Boylan, an opinion writer for the New York Times, cited the recent fury over the novel “American Dirt”, what if its white author had the right to tell a story (badly, some would say) about Mexican migrants in the United States.

“Surely, if freedom of speech means anything, it means the right to tell the stories we want to tell, to respond to the demands of our own imagination, period,” she said. “You can accuse writers of not writing well. But erasing artists because we don’t like their art is despicable.

But at the same time, she said, as a transgender person, she understood the frustration at work that distorts your experience. “Maybe a single movie or book doesn’t matter that much,” she said. But “if you think defending free speech is really very important, then you must think it matters. A single movie or book can really shape the way people see the world. “

Carmen Maria Machado, memorialist and fiction writer, expressed concern over the impact of recent fierce online debates on the ethics of the use of lived experiences in fiction.

Fiction, she said, is a “magpie” art, which necessarily involves taking pieces not only from the imagination or direct experience, but from our observations of others.

“Not all stories are mine to tell,” she said. “But it’s so weird creating general statements of who can do what.”

She added: “I am concerned that fiction writers, especially those who are forming now, will be blocked and self-censored.”
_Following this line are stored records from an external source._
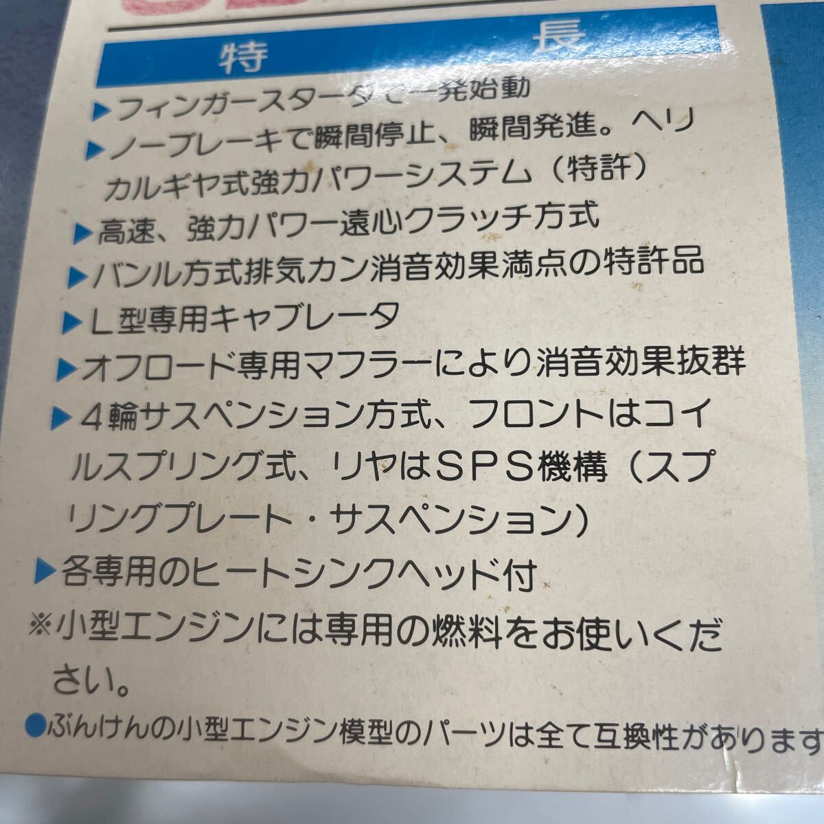 譲りうけた物なんですが、ぶんけんのエスパーZと思われます。箱あるんですが、ボディが異なります。本来マイティボーイまたは、パジェロみたいですが、写真のボディになります。タイヤの変形もなく、状態はいいです。エンジンは、049が搭載されていると思います。L型専用キャブレター付です。
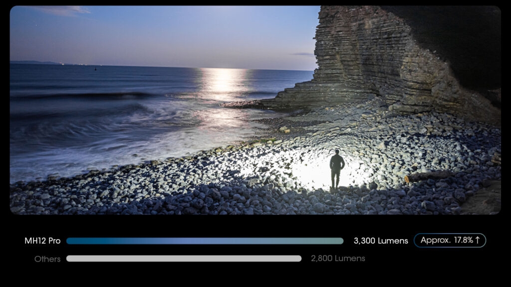 Εκτός από το εξαιρετικά μεγάλο βεληνεκές του, ο MH12 Pro αποδίδει εντυπωσιακή ισχύ φωτισμού 3300 lumens, ξεπερνώντας πολλούς άλλους φακούς μεσαίου μεγέθους στην αγορά, ιδανικούς για έκτακτη ανάγκη, νυχτερινή αναζήτηση, υπαίθριες δραστηριότητες, ελέγχους συντήρησης και πολλά άλλα. Αποδίδει μέγιστη ισχύ φωτισμού κατά 17,8% ισχυρότερη από αντίστοιχους φακούς της αγοράς με ισχύ φωτισμού τα 2800 Lumens.
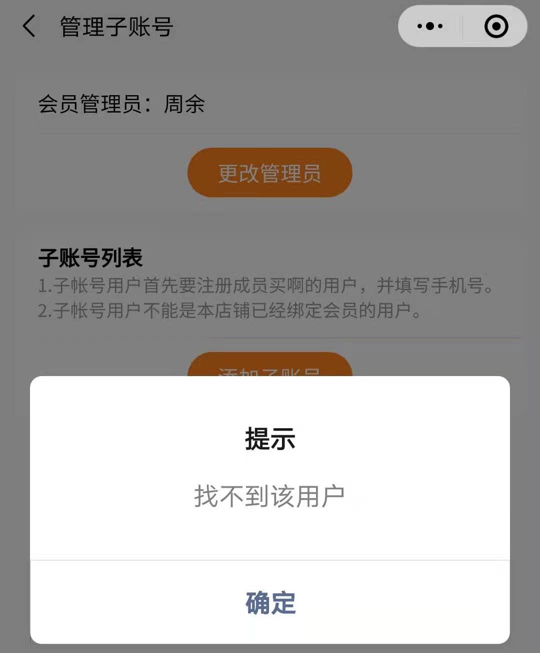 表示此用户,未注册买啊,不能读取成为子账号,可分享店铺给该用户,请点击注册会员。

Not everyone agreed that the hold was always negative. At one point, McWhorter broadcast what he suggested was a semi-forbidden thought: that the intensity of the racial justice protests against the police murder of George Floyd was in part about a desire for after months of pandemic isolation “to merge”, “to go outside”, “to belong to each other”, which was then militarized by an ideological faction.

“In May 2020, a certain ideology used social media to become particularly dominant and scare some people,” he said.

Boylan protested, softly. “You talk about self-censorship like it’s a bad thing,” she said. “Under another name, maybe it’s a sense of awareness that our words affect others? You can’t and maybe shouldn’t say what you want.

But if there was one general point of agreement, it was that Twitter was mostly bad. Machado said she deleted her account several months ago. “Social media just creates these incredibly fast-paced bad conversations that go so quickly to the side that there’s no getting over it,” she said.

McWhorter, who said he took to Twitter “six or seven times a day,” said it prevented him from reading – let alone writing – books.

In one recent test in The Atlantic, adapted from a lecture, Akhtar lamented how the incitement of online discourse has led us to form opposing “agglomerations of indignation” affirmed by “belonging slogans”.

Boylan, with a wry smile, made the point a little simpler. “One of the reasons I became a writer,” she said, “is because I wanted people to like me.”